The importance of K-means clustering preserves the quality of small and large vessels. As a result, in non-uniform OCTA scans, we attempt to acquire simultaneous RV and FAZ segmentation and precise multi-scaled vessel extraction while avoiding interference from similar structures such as non-perfusion and FAZ. Our dual segmentation network based on an encoder–decoder network with K-means treats the segmentation problem independently instead of treating it as a single class. The framework treats each problem as a single task to segment RV and FAZ and learn their relationship. Feature extraction through the encoder and feature expansion using a decoder followed by the K-means algorithm obtains the candidate for segmentation. Then, it converges to the desired target segmentation based on cluster pixel similarity, which results in multi-scaled RV segmentation with a smooth gradient by removing noisy dots. A similar model is used for the FAZ candidate, and the final segmented output is obtained by merging the dual model results. Our approach provides parallel segmentation of RV and FAZ, reducing computational complexity and producing accurate, interpretable results for distinct parts. Additionally, the additivity can be applied to a variety of OCTA biomarkers. Figure 1, demonstrate the OCTA-500 ILM_OPL scans, highlighting the variation in vessel thickness across different vessels. The yellow square indicates thin vessels, while the red rectangle shows thick vessels. The images also demonstrate differences in contrast across varying scales of vessels, with thick vessels having good contrast and thin vessels exhibiting poor contrast. Moreover, the image quality varies across the scans, making it challenging to accurately segment the vessels and FAZ. Inhomogeneity in image quality further adds to the complexity of the biomarker segmentation.
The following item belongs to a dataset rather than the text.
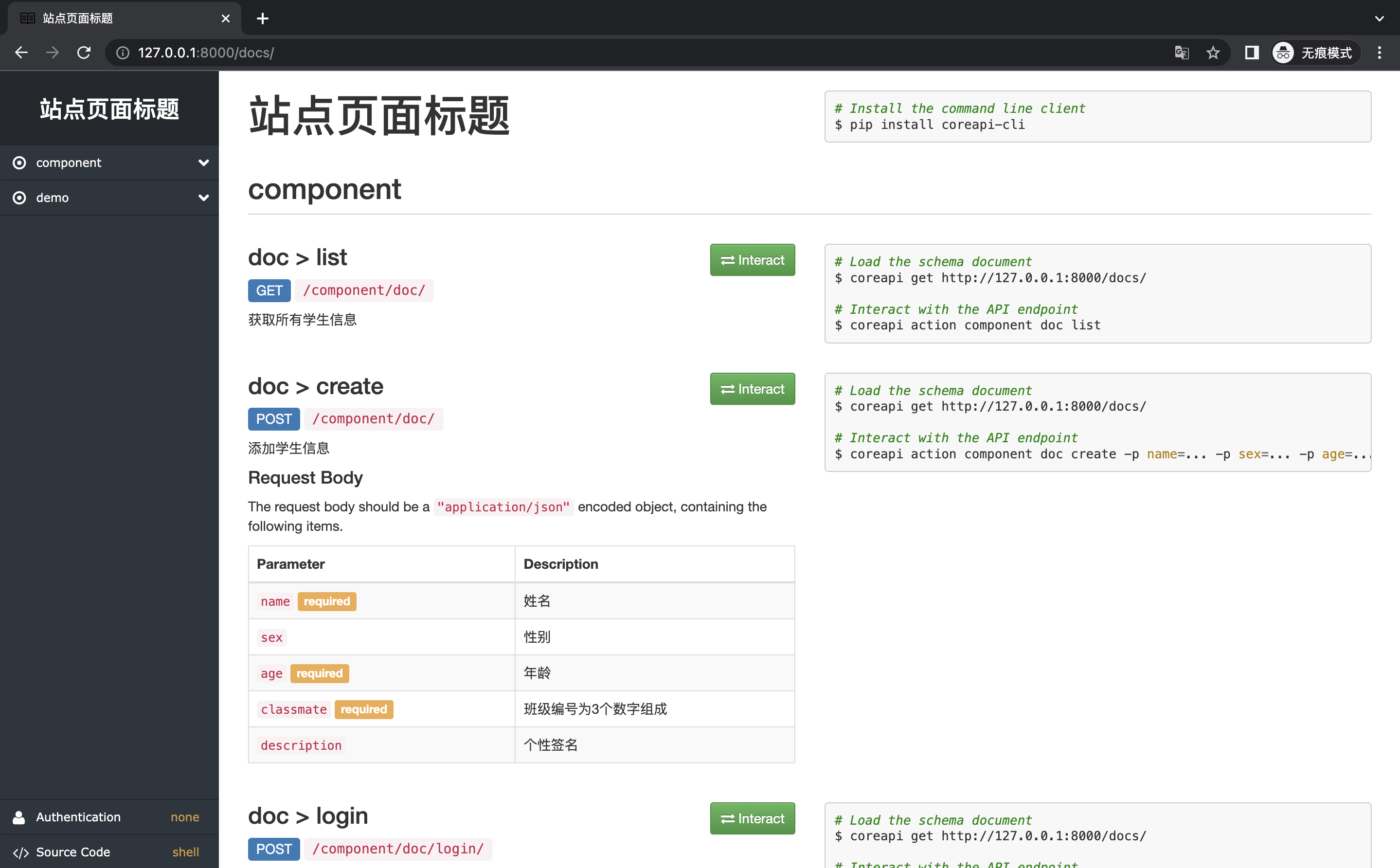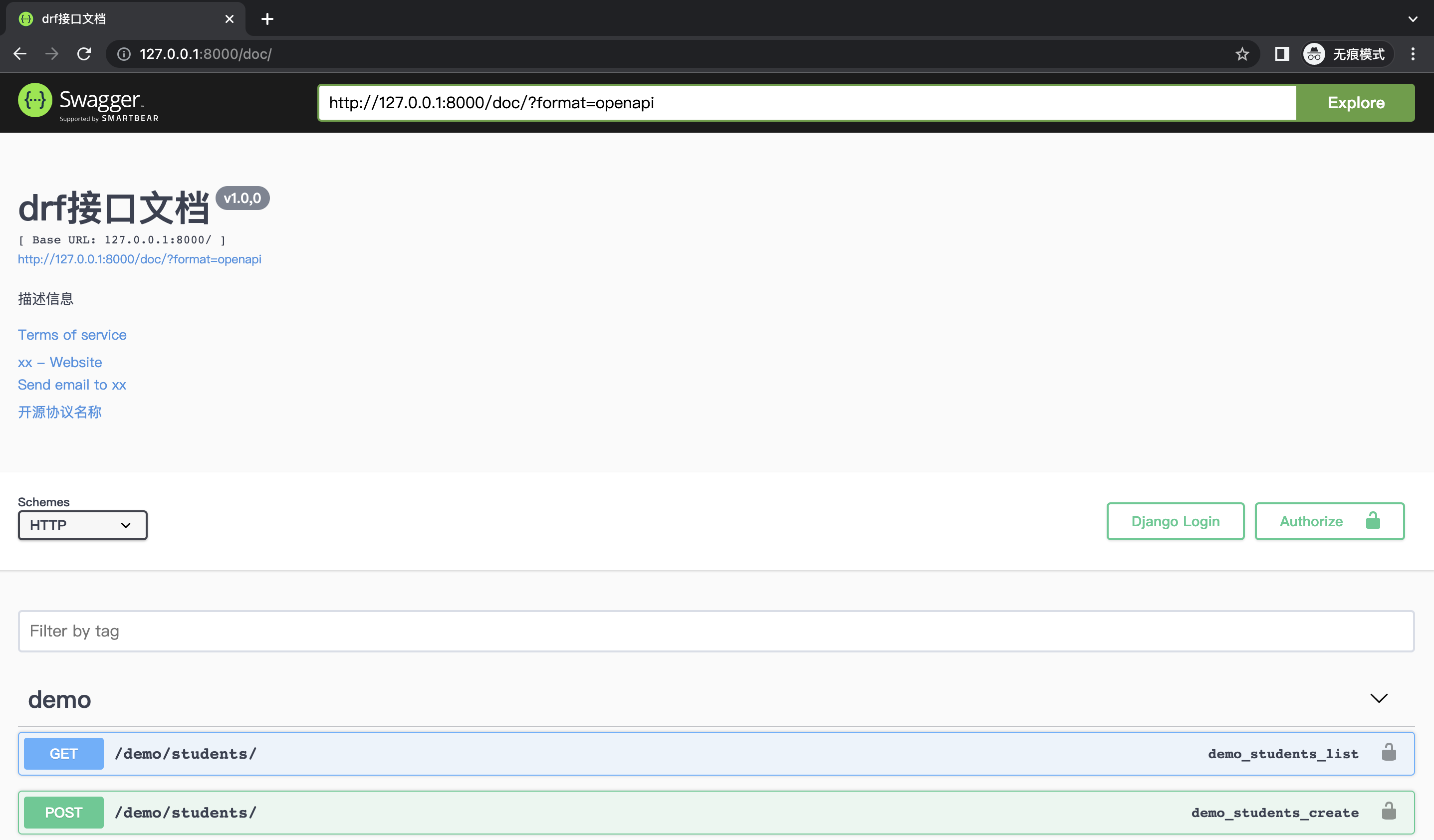 浏览器访问 127.0.0.1:8000/doc/,查看自动生成的接口文档。

In summary, the encoder–decoder models extract relevant features from the input image and produce a compressed feature representation of the object of interest. K-means clustering refines and optimizes the segmentation mask to produce a more precise representation of the biomarkers.
The proposed framework comprises two main phases: (1) In phase 1, the first step is to divide the target image (ground truth image) into two parts, FAZ and RV. Then, we convert the input image into grayscale format. These three images will be fed to phase 2 for training the encoder–decoder model. (2) In phase 2, we train two models independently which is Model 1 and Model 2, for RV and FAZ segmentation; each model is comprised of an encoder–decoder network followed by a K-means clustering algorithm applied to each part to obtain the desired segmented output. Finally, the two segmented parts, predicated image 1 corresponding to the FAZ part and predicated image 2 corresponding to the RV part, are concatenated to obtain the final segmented output.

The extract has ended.